«DE ONDE SAEM, OU COMO SE FORMAM OS SERES HUMANOS QUE VOAM?» Sem Otelo, aquele 25 de Abril de 1974 não teria existido. Ele foi o fermento que transformou a água e a farinha em pão. Sem Otelo, teríamos farinha, água e sal, mas não teríamos pão. Otelo foi e é a figura histórica que fez de um golpe de Estado uma revolução, que transformou em pão um biscoito ázimo, sem levedura, sem alma: uma heresia que o 25 de Novembro de 1975 excomungou.
Otelo foi o herege que, através da liberdade e da não‑repressão, permitiu que o poder popular desmontasse a falácia segundo a qual não há alternativa ao mercado para a vida em sociedade, nem à ordem de batalha dos partidos políticos para viver em democracia.
Trazer Otelo ao espaço público seria sempre uma heresia, maior ainda num tempo do politicamente correto, de fim da história. Otelo agiu há 50 anos como Zaratustra aconselhou, relativamente à destreza com que se deve manejar o martelo e à força para quebrar os ídolos. Para uns, Otelo não terá sido muito destro, nem terá utilizado muita força; para outros, terá sido excessivo. Deixou o essencial: a certeza de a violência ser inerente tanto à liberdade quanto ao exercício do poder. Escolheu o direito à violência pela liberdade de contestar o poder.

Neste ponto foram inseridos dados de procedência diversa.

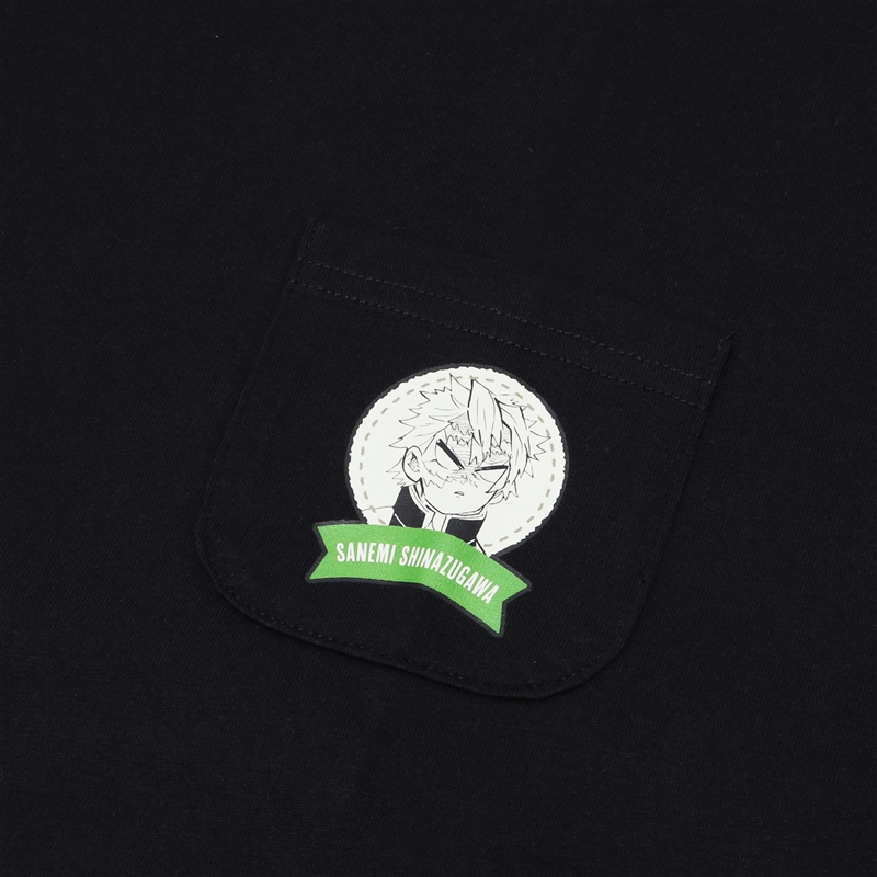 前面にはキャラクターイラストがワンポイントでデザインされたミニポケット付き!背面は不死川実弥のイラストをポップでカラフルにデザイン!

“Otelo e Che Guevara podiam ser ambos personagens de Cervantes e de Dom Quixote, tipos que não foram como deviam ser para exemplo dos vindouros, mas que foram como foram e que nunca pediram que os admirassem. Nem que os compreendessem, julgo. São anti-heróis. Vencidos.”

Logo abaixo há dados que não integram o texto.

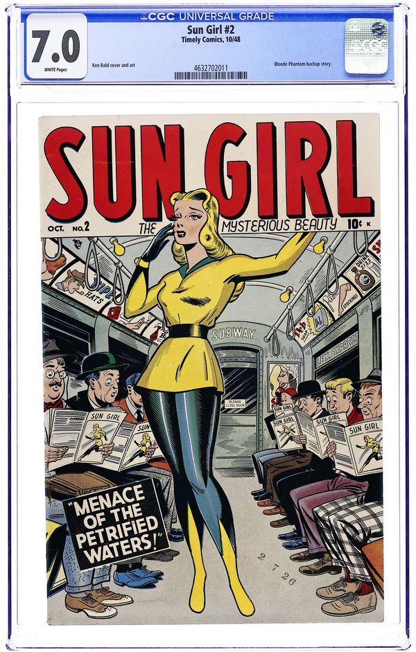 Cover art by Syd Shores. Murder Motor Mart starring Sub-Mariner and Namora, script and art by Bill Everett. Framed For Crime starring the Blonde Phantom, pencils by Mike Sekowsky. Terror In the Lost Colony starring the Sub-Mariner and Namora, pencils by Bob Powell, inks by Ken Bald. 36 pgs. $0.10. Cover price $0.10.

Carlos de Matos Gomes parte desta ideia e faz dela uma chave para reler não só Otelo Saraiva de Carvalho, mas a própria memória do PREC. O livro é menos uma biografia e mais uma travessia pelas múltiplas camadas de uma revolução que o tempo e a propaganda quiseram simplificar.
Entre as páginas, percebe-se que a história de Portugal do pós-25 de Abril nunca foi uma narrativa linear. Já antes da revolução, Henry Kissinger olhava para o país com atenção estratégica: o exercício Alcora, as conversas discretas com Marcello Caetano, os almoços pós-revolução com Spínola e Costa Gomes sobre o “excesso de influência” do PCP — tudo mostra como Portugal foi palco de um xadrez internacional mais intricado do que o que os manuais escolares deixam entrever.

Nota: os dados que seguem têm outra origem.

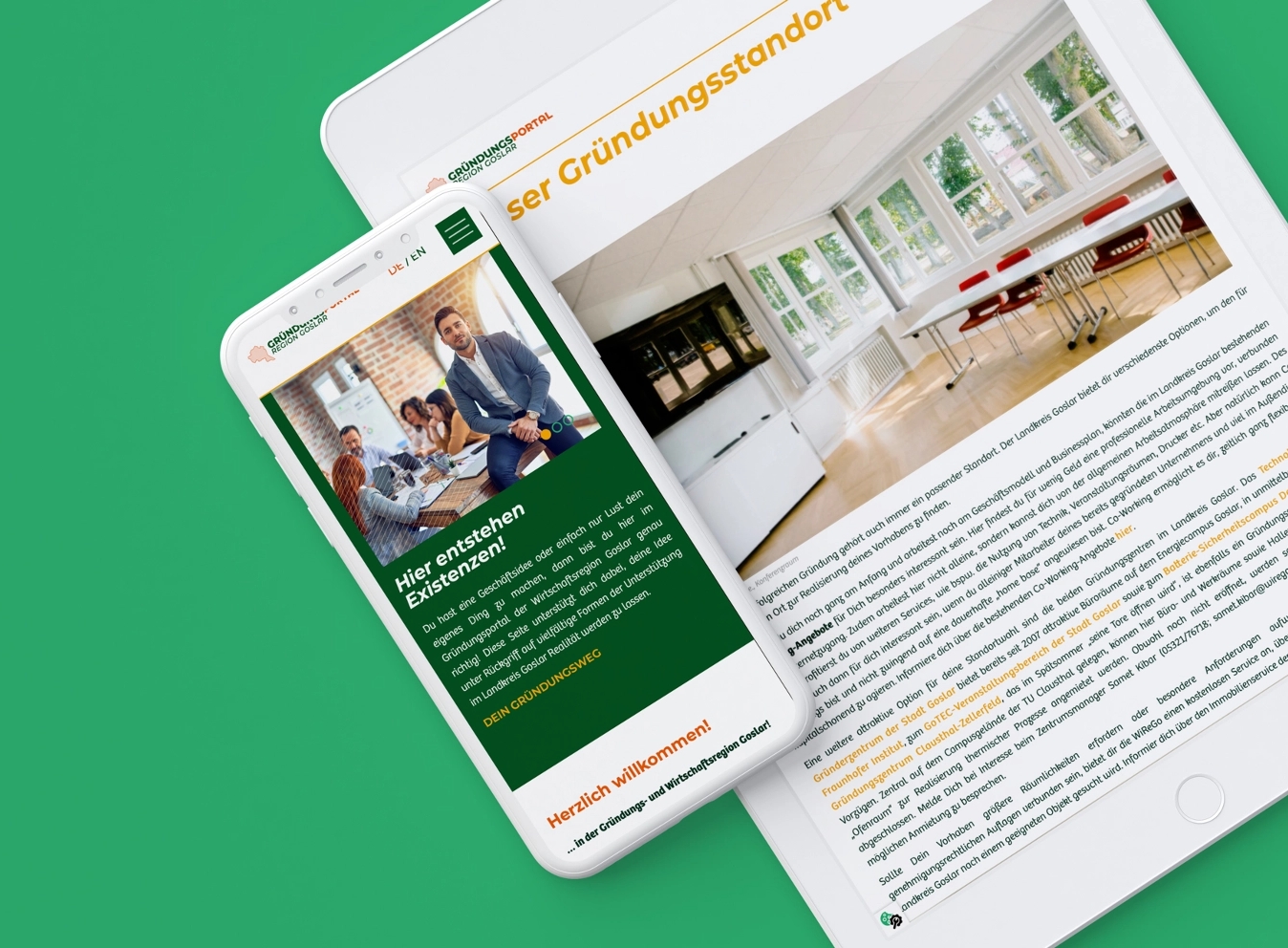 Die Website des Gründungsportals Region Goslar ist in mehrere Unterseiten unterteilt und dort finden GründerInnen aktuelle Events, Neuigkeiten und Workshops, auf denen sie sich informieren können. News und Eventbeiträge werden auf dieser Seite mit WiReGo synchronisiert. Zusätzlich finden sich dort Anlaufstellen und ein Beratungsnetzwerk, womit sie auf ihrem Gründungsweg begleitet werden. In den charakteristischen Grün- und Orangetönen gestaltet sich die Website modern und informativ.

Mas Matos Gomes lembra-nos sobretudo os esquecidos. A história foi injusta com os que estiveram onde deviam estar: Otelo, Salgueiro Maia — e tantos outros. Enquanto ex-pides se reintegraram serenamente, estes homens tornaram-se fantasmas. Desapareceram da paisagem cívica, como se o país os tivesse usado e depois varrido da memória.
O autor desmonta também o mito do COPCON e do PREC como período “pró-ditadura de esquerda”. Foi sob a chefia de Otelo que se autorizaram as manifestações da Fonte Luminosa e as eleições para a Assembleia Constituinte — ambas pacíficas. O tal “ano anárquico” coexistia com a normalidade de sempre: santos populares, campeonato de futebol, Semana Santa em Braga. E, ironicamente, ainda antes de 25 de Novembro, a própria URSS confirmava em Helsínquia que Portugal continuava no bloco da NATO.
Há também justiça feita a Ramalho Eanes, que conseguiu conter muitos “moderados” pouco democráticos — quando, a 27 de Novembro, Costa Gomes queria literalmente bombardear Tancos para “acabar com o MFA”.
No fim, o retrato que fica é o de um desalinhado. Um homem que acreditava que a revolução devia servir o povo, e que se perdeu no caldeirão contraditório do PREC. Mas Otelo cumpriu a sua missão: liderou o COPCON sem violência gratuita, com uma ética revolucionária rara.
“Otelo, o Herético” não tenta canonizar ninguém. Faz algo mais difícil — restitui complexidade a quem foi reduzido a caricatura. E, no processo, obriga-nos a olhar para a Revolução de Abril sem o conforto da lenda.